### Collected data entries

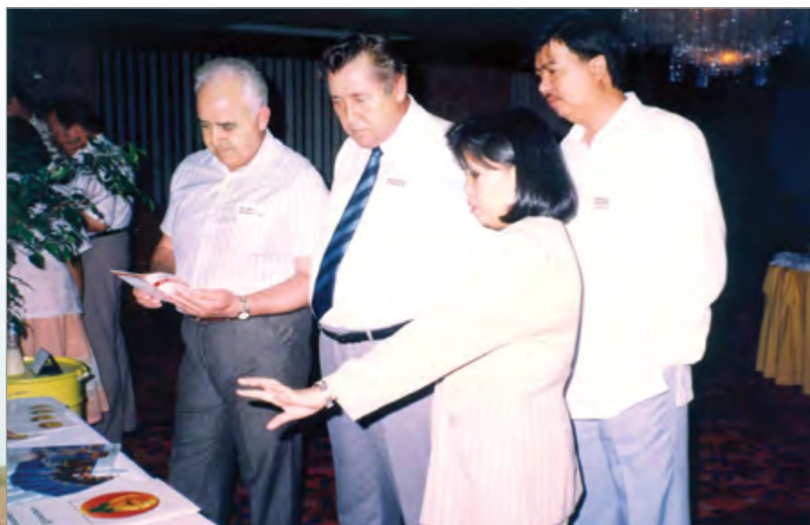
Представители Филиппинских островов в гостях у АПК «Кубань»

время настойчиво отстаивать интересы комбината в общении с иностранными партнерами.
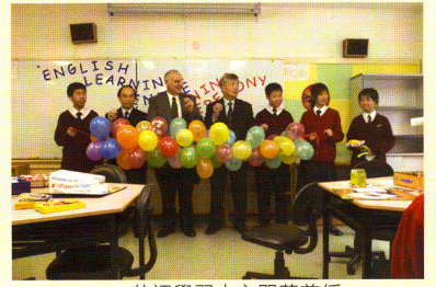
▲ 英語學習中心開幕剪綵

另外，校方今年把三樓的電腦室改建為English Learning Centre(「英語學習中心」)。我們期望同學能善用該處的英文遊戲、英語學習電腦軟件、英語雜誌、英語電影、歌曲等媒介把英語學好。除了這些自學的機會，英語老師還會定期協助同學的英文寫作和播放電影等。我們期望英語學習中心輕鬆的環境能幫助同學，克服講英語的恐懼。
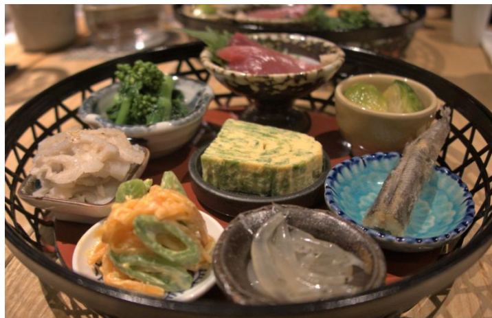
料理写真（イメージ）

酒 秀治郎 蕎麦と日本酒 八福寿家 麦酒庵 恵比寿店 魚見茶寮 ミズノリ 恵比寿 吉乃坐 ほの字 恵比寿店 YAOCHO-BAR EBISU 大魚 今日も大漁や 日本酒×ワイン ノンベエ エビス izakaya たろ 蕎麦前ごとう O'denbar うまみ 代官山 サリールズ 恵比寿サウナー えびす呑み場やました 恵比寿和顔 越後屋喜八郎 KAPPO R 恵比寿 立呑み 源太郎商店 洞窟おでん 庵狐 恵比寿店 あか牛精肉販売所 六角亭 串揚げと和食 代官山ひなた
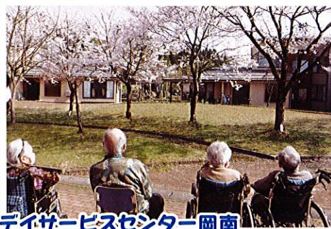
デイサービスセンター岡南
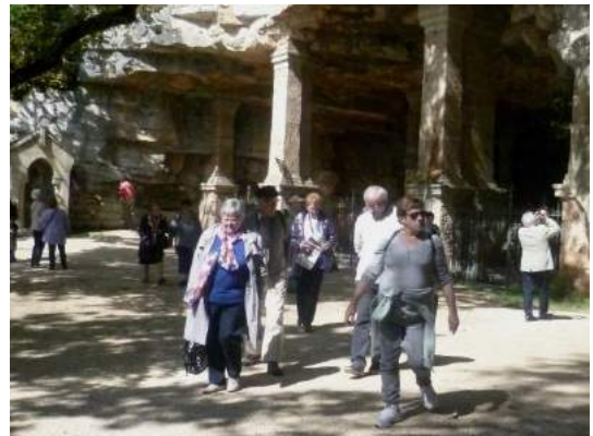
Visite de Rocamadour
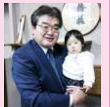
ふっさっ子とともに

### How to complete this task
Except for pictures, copy the records above exactly.

### Expected answer
Представители Филиппинских островов в гостях у АПК «Кубань»

время настойчиво отстаивать интересы комбината в общении с иностранными партнерами.
▲ 英語學習中心開幕剪綵

另外，校方今年把三樓的電腦室改建為English Learning Centre(「英語學習中心」)。我們期望同學能善用該處的英文遊戲、英語學習電腦軟件、英語雜誌、英語電影、歌曲等媒介把英語學好。除了這些自學的機會，英語老師還會定期協助同學的英文寫作和播放電影等。我們期望英語學習中心輕鬆的環境能幫助同學，克服講英語的恐懼。
料理写真（イメージ）

酒 秀治郎 蕎麦と日本酒 八福寿家 麦酒庵 恵比寿店 魚見茶寮 ミズノリ 恵比寿 吉乃坐 ほの字 恵比寿店 YAOCHO-BAR EBISU 大魚 今日も大漁や 日本酒×ワイン ノンベエ エビス izakaya たろ 蕎麦前ごとう O'denbar うまみ 代官山 サリールズ 恵比寿サウナー えびす呑み場やました 恵比寿和顔 越後屋喜八郎 KAPPO R 恵比寿 立呑み 源太郎商店 洞窟おでん 庵狐 恵比寿店 あか牛精肉販売所 六角亭 串揚げと和食 代官山ひなた
デイサービスセンター岡南
Visite de Rocamadour
ふっさっ子とともに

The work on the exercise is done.